New York newspaper columnist
Adams was born Franklin Leopold Adams to Moses and Clara Schlossberg Adams in Chicago on November 15, 1881. He changed his middle name to "Pierce" when he was confirmed at age 13. Adams graduated from the Armour Scientific Academy in 1899, attended the University of Michigan for one year and worked in insurance for three years.
Signing on with the Chicago Journal in 1903, he wrote a weather column and then a humor column, "A Little about Everything". The following year he moved to the New York Evening Mail, where he worked from 1904 to 1913 and began his column, then called "Always in Good Humor", which used reader contributions.

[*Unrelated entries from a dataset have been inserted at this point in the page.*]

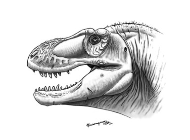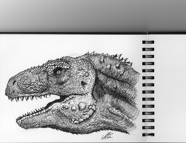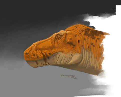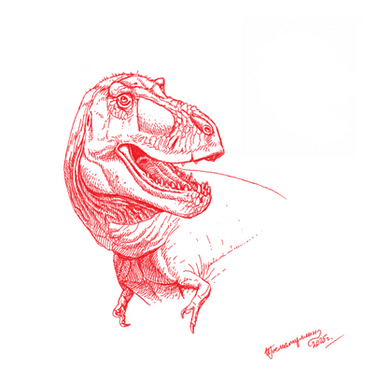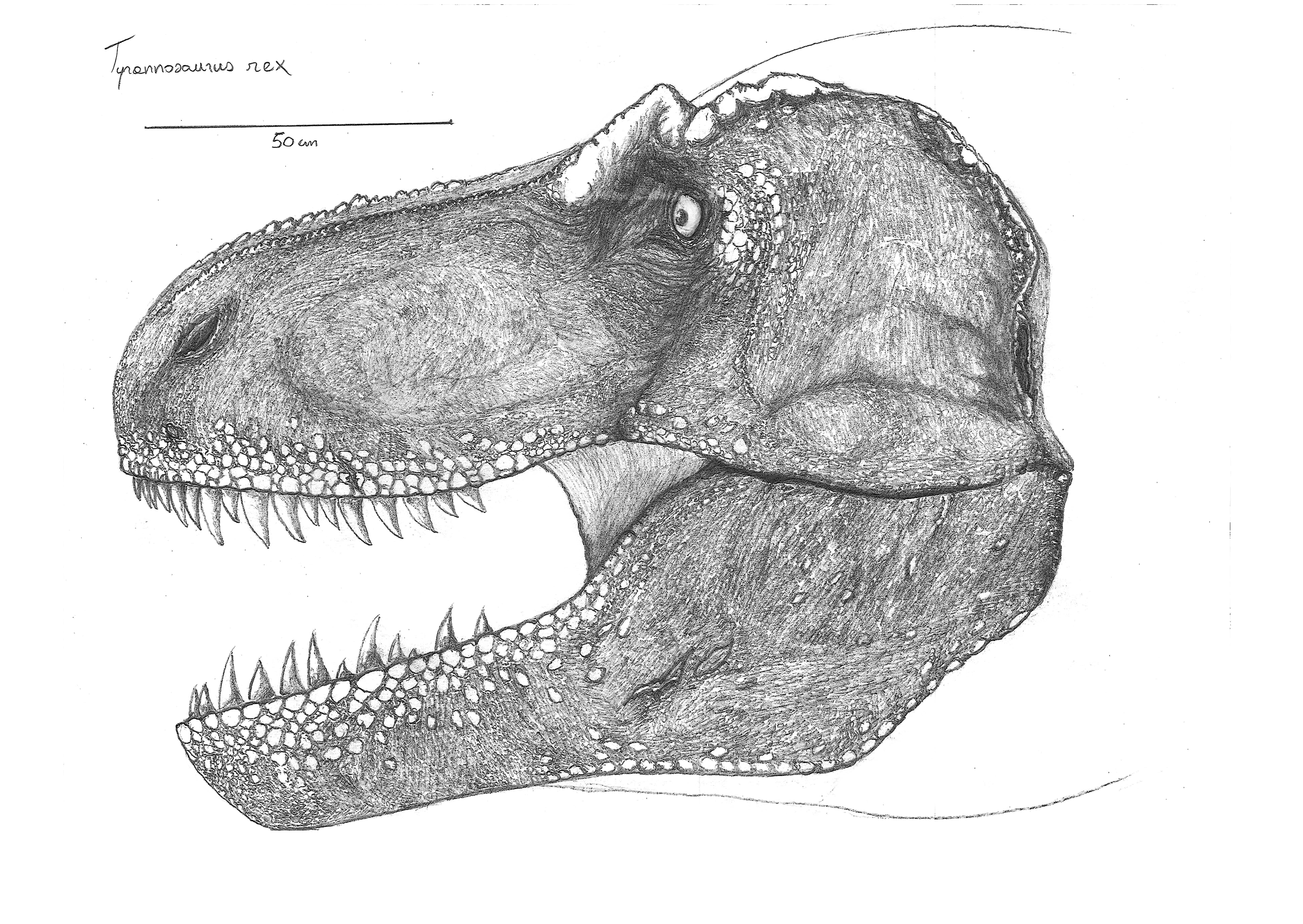 In this portrait I have focused my current wiews on the facial integument of a Tyrannosaurus rex. The figure shows rough, keratinized skin and exposed teeth. However, my version is different from Carr et al, 2017. In addition to the cracked keratin of "crocodilian" type with mechanoreceptors along a maxillary teeth row, there are maxillary structures that have left depressions in this bone in some tyrannosaurids (more details can be found in this video WitmerLab: www.youtube.com/watch?v=xTsVzx⦠, as well as in the corresponding article on the blog of Mark Witton). Top of the muzzle shows a keratinized skin, particularly on nose. The lower jaw Integument, however, is slightly different. The covers around the eyes is more "traditional". For those who this view seems inconsistent with reality: this is just my opinion, I could be wrong.
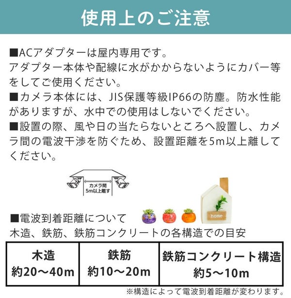 ※遠隔確認・録画映像の確認にはカメラ設置場所と外出先の両方にインターネット接続環境が必要です。
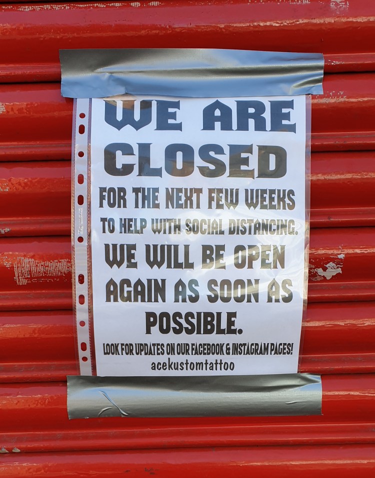 We’re still in lockdown, self-isolating, embedded in the frontline at home, finding new and interesting ways to keep ourselves occupied and entertained. The weather certainly lifts the mood, now it’s warmer and sunnier, but we’re not allowed out more than once a day for a quick spot of exercise. It’s disconcerting when you see so many shops closed for business, with the shutters down. Some have displayed notices, but not all. Any plans we had to acquire tattoos for instance have been put on hold for the time being. Oh well.
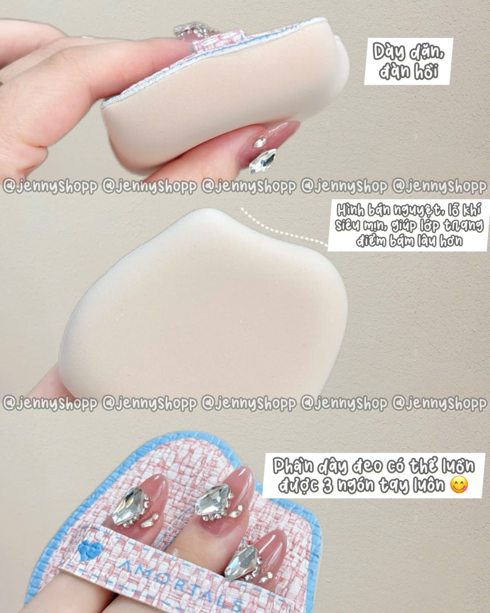 🧚 Bông mút đi kèm có chất liệu vừa mềm vừa dày dặn, độ đàn hồi tốt, dùng để dặm kem nền tệp da, không để lại vệt hay mốc nền, đồng thời hạn chế tối đa tình trạng hút nền.
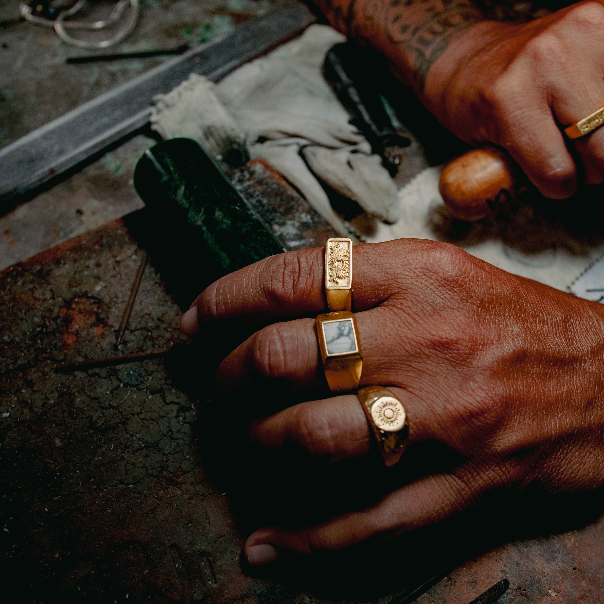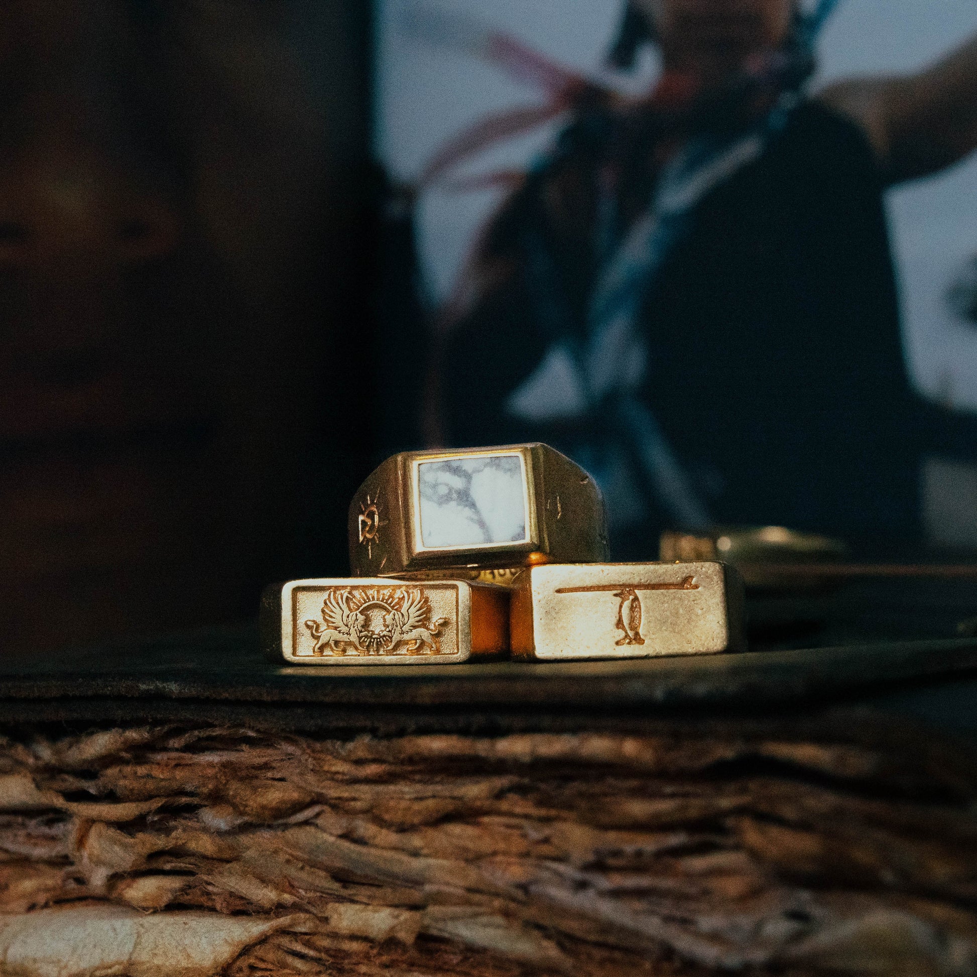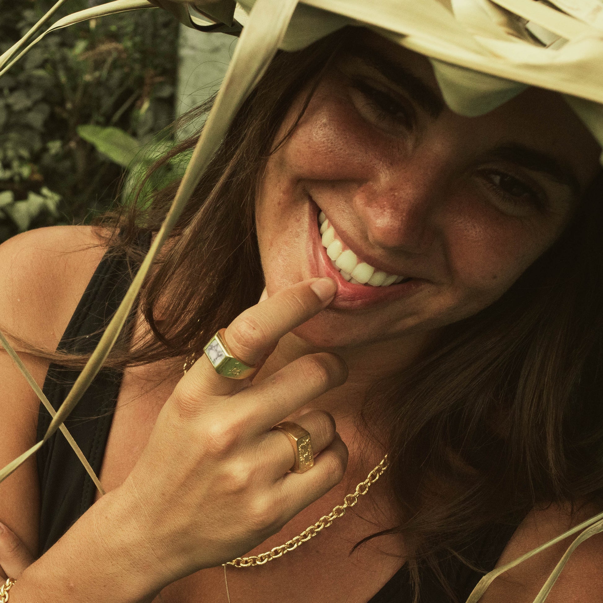 A 24k gold plated signet ring with a handcrafted recycled 925 silver core. The ring features a block of white howlite which is held in place by formed metal, making it extra secure and removing the need for glue.

During his time on the Evening Mail, Adams wrote what remains his best known work, the poem Baseball's Sad Lexicon, a tribute to the Chicago Cubs double play combination of "Tinker to Evers to Chance". In 1911, he added a second column, a parody of Samuel Pepy's Diary, with notes drawn from FPA's personal experiences. In 1914, he moved his column to the New York Tribune, where it was famously retitled "The Conning Tower."
During World War I, Adams was in the U.S. Army, serving i..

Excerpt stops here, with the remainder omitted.